*** Opening of Records provided ***

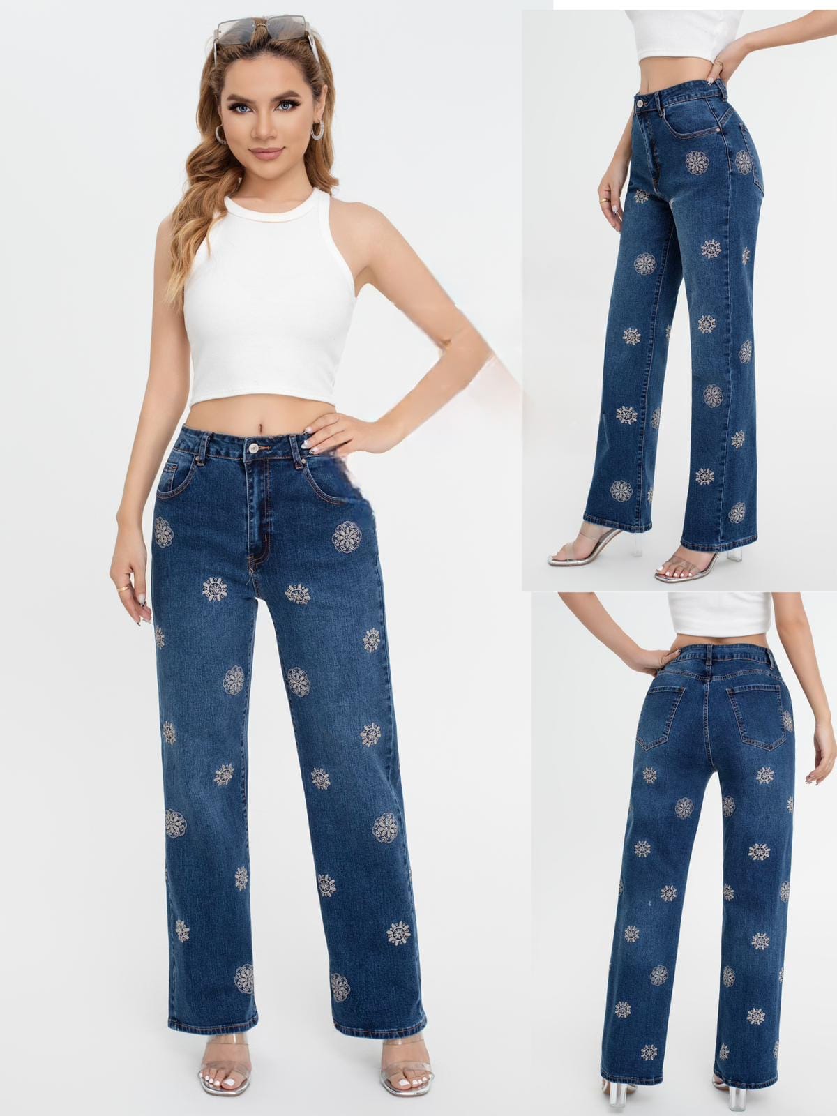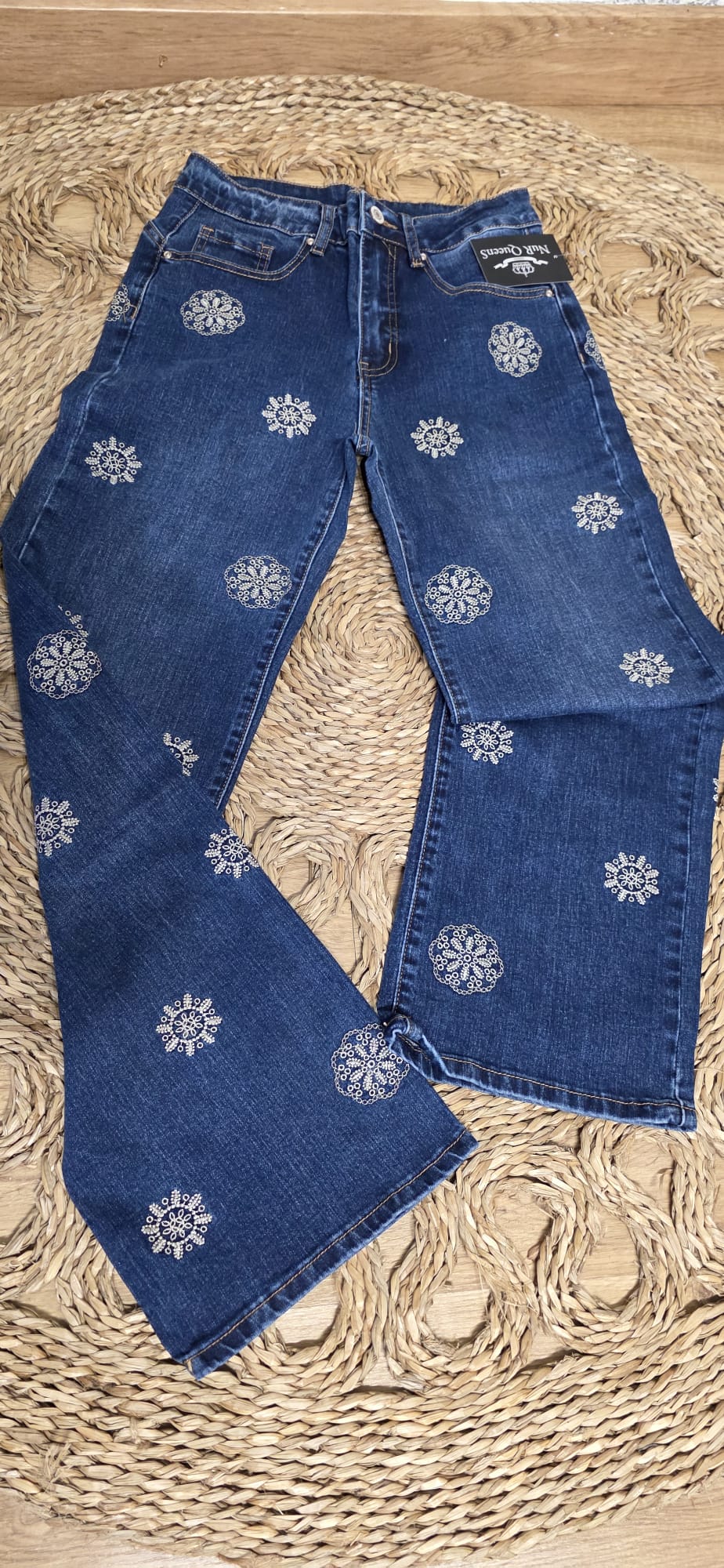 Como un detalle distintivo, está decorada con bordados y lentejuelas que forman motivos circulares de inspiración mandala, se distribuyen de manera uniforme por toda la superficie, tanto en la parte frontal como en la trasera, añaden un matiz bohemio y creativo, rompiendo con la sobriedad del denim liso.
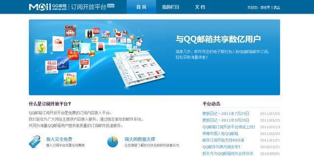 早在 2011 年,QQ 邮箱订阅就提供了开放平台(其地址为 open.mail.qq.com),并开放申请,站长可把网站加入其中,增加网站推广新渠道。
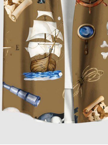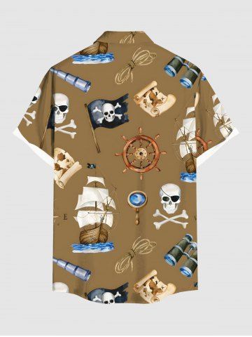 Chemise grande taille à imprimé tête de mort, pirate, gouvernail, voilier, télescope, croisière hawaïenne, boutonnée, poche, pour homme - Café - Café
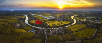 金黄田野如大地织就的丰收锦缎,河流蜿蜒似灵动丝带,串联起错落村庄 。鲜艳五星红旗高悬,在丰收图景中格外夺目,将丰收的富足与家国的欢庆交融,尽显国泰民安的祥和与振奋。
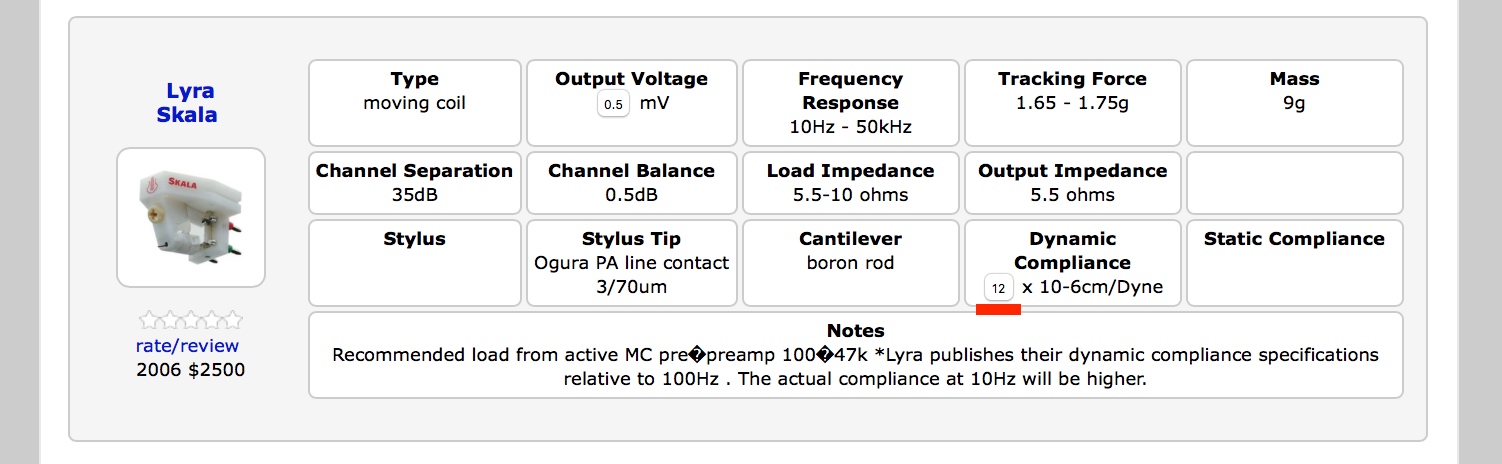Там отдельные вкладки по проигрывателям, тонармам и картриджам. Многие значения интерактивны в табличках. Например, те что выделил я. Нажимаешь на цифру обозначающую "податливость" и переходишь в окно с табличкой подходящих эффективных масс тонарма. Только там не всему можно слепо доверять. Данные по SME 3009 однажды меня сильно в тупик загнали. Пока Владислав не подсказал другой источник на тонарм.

*** Close of Records provided ***

Problem details:
The lines from the one containing "金黄田野如大地织就的丰收锦缎" through the final line of the data are to be repeated exactly, with both ends included and all pictures left out.

Task output:
 金黄田野如大地织就的丰收锦缎,河流蜿蜒似灵动丝带,串联起错落村庄 。鲜艳五星红旗高悬,在丰收图景中格外夺目,将丰收的富足与家国的欢庆交融,尽显国泰民安的祥和与振奋。
Там отдельные вкладки по проигрывателям, тонармам и картриджам. Многие значения интерактивны в табличках. Например, те что выделил я. Нажимаешь на цифру обозначающую "податливость" и переходишь в окно с табличкой подходящих эффективных масс тонарма. Только там не всему можно слепо доверять. Данные по SME 3009 однажды меня сильно в тупик загнали. Пока Владислав не подсказал другой источник на тонарм.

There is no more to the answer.